🤖 AI Summary
This work addresses the limitations of existing vision-language models in zero-shot referring expression comprehension (REC), which struggle to capture fine-grained visual details and complex object relationships, as well as the inability of large language models (LLMs) to process images directly. To bridge this gap, the authors propose SGREC, a novel approach that introduces a query-driven scene graph as a structured intermediary. This graph integrates CLIP-derived region features, spatial relations, descriptive captions, and object interaction cues to align visual content with natural language queries and guide the LLM toward interpretable, structured reasoning. SGREC achieves state-of-the-art performance on multiple zero-shot REC benchmarks, reporting 66.78% on RefCOCO val, 53.43% on RefCOCO+ testB, and 73.28% on RefCOCOg val, demonstrating both high accuracy and strong interpretability in its decision-making process.
📝 Abstract
Zero-shot referring expression comprehension (REC) aims to locate target objects in images given natural language queries without relying on task-specific training data, demanding strong visual understanding capabilities.
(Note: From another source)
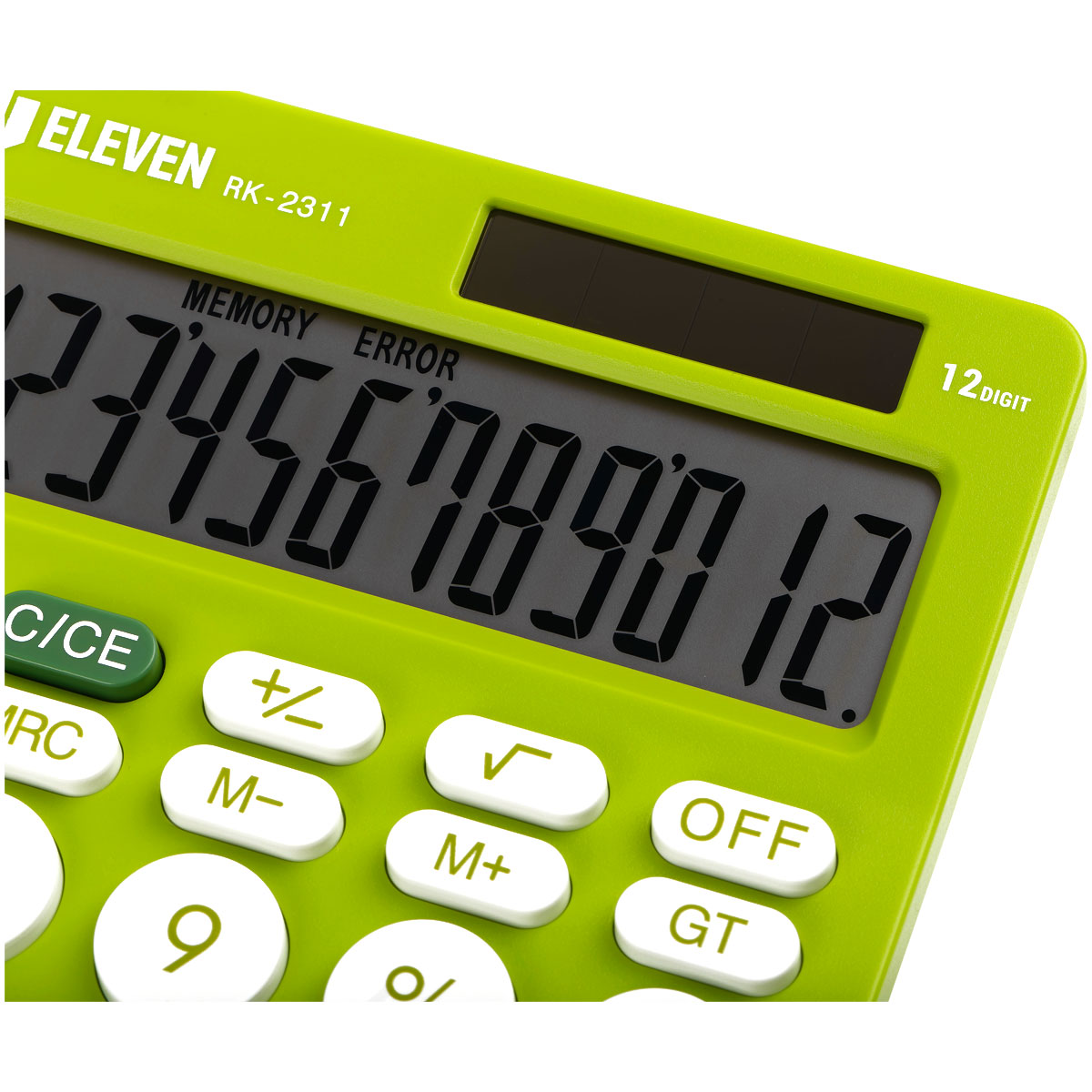 Уценка. Ограничений в дальнейшем использовании нет. Повреждения товара нет.<br/>Причина уценки: дополнительная этикетка на корпусе<br/><br/><br/>12-ти разрядный настольный калькулятор Eleven RK-2311-GN предназначен для выполнения арифметических операций. Размер калькулятора – 143*192*26 мм, вес – 188,6 г, цвет – салатовый. Незаменимый помощник в офисе, школе и дома. Оптимальный набор функций поможет автоматизировать расчёты: коррекция последнего введенного значения, расчёт наценки, кнопка «00», функция итогового суммирования. Двойное питание (солнечная батарея + батарея LR1130) и автоматическое отключение увеличивают срок службы. Упакован в картонную коробку. Гарантия – 5 лет.<br/>• Разрядность: 12;<br/>• Тип питания – двойное (солнечная батарея/батарейка LR1130);<br/>• Клавиша «00».<br/><br/>Уцененный товар подлежит возврату или обмену в случае обнаружения недостатков, о которых покупатель не был проинформирован перед покупкой

Existing Vision-Language Models~(VLMs), such as CLIP, commonly address zero-shot REC by directly measuring feature similarities between textual queries and image regions. However, these methods struggle to capture fine-grained visual details and understand complex object relationships. Meanwhile, Large Language Models~(LLMs) excel at high-level semantic reasoning, their inability to directly abstract visual features into textual semantics limits their application in REC tasks. To overcome these limitations, we propose \textbf{SGREC}, an interpretable zero-shot REC method leveraging query-driven scene graphs as structured intermediaries. Specifically, we first employ a VLM to construct a query-driven scene graph that explicitly encodes spatial relationships, descriptive captions, and object interactions relevant to the given query. By leveraging this scene graph, we bridge the gap between low-level image regions and higher-level semantic understanding required by LLMs. Finally, an LLM infers the target object from the structured textual representation provided by the scene graph, responding with detailed explanations for its decisions that ensure interpretability in the inference process. Extensive experiments show that SGREC achieves top-1 accuracy on most zero-shot REC benchmarks, including RefCOCO val (66.78\%), RefCOCO+ testB (53.43\%), and RefCOCOg val (73.28\%), highlighting its strong visual scene understanding.